Ciò non cambia il quadro generale. Anche in Aristotele vi è una tripartizione dell’anima in “anima sapienziale” o “intelletto puro” (nous); “anima protesa” (traduciamo con “protesa”, ma potrebbe reggere anche “eretta” o “retta”, il difficile orexis, derivato da orego, a un dipresso “reggersi”, “erigersi” ma anche “protendersi” e “aspirare”, tradotto solitamente con il pessimo “appetitiva”) che corrisponde all’anima impetuosa di Platone; e infine “anima sensitiva” che corrisponde all’anima concupiscibile di Platone.

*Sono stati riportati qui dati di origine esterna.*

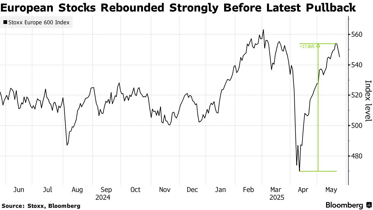 根據4月宣佈的互惠税率,該貿易集團原本面臨20%的關税,而臨時暫停將税率降至10%直至7月9日。隨後對貿易協議的預期提振了市場情緒,歐洲斯托克600指數從4月低點反彈約18%,上週有所回落。

In una sua importante opera, l’Etica Nicomachea, il maestro di Alessandro ci offre poi il quadro delle virtù, le prime tre delle quali corrispondono alle tre virtù di Platone: vi è all’apice la virtù metafisica (o dianoetica) e cioè la sapienza e al secondo posto vi sono le virtù etiche. Queste sono le tre principali virtù etiche nell’ordine gerarchico in cui ce le presenta Aristotele: anzitutto il coraggio, poi la temperanza (sofrosùne), quindi la liberalità o generosità (eleutheriòtes). A queste tre principali virtù etiche si aggiungono altre virtù: la magnanimità, l’ambizione nella giusta misura, la mitezza, l’amabilità, la semplicità e l’esser persone di spirito (o forse dovremmo dire il sense of humor).
La virtù dianoetica è ad esclusivo appannaggio dei sapienti che sono anche gli addetti al culto, dato che attraverso la conoscenza del mondo trascendente e metafisico partecipano attivamente alle cose divine, mentre alle virtù etiche aderisce in generale l’uomo nobile, e di conseguenza il guerriero. Tutti gli altri – la maggioranza - si devono adeguare a questa gerarchia, e sarà proprio questo “saper stare al proprio posto” la loro virtù. Come in Platone anche in Aristotele l’adeguarsi ognuno al suo ruolo, secondo il principio gerarchico e organico del cuique suum, riconoscendolo e adempiendovi rappresenta la virtù delle virtù: la giustizia, che anche nel caso di Aristotele è intesa come un tutt’uno tra giustizia trascendente e giustizia immanente.
Questo ci porta ad un’ultima considerazione. Il mondo classico, con Platone e Aristotele, raggiunse vette spirituali elevatissime e pose la giustizia – trascendente e immanente – come meta da raggiungere per l’umanità. Ma sarà, qualche secolo più tardi, l’impulso del Cristo che indicherà all’uomo e all’umanità una meta ancora più elevata della stessa giustizia: la meta del vero amore e della vera libertà.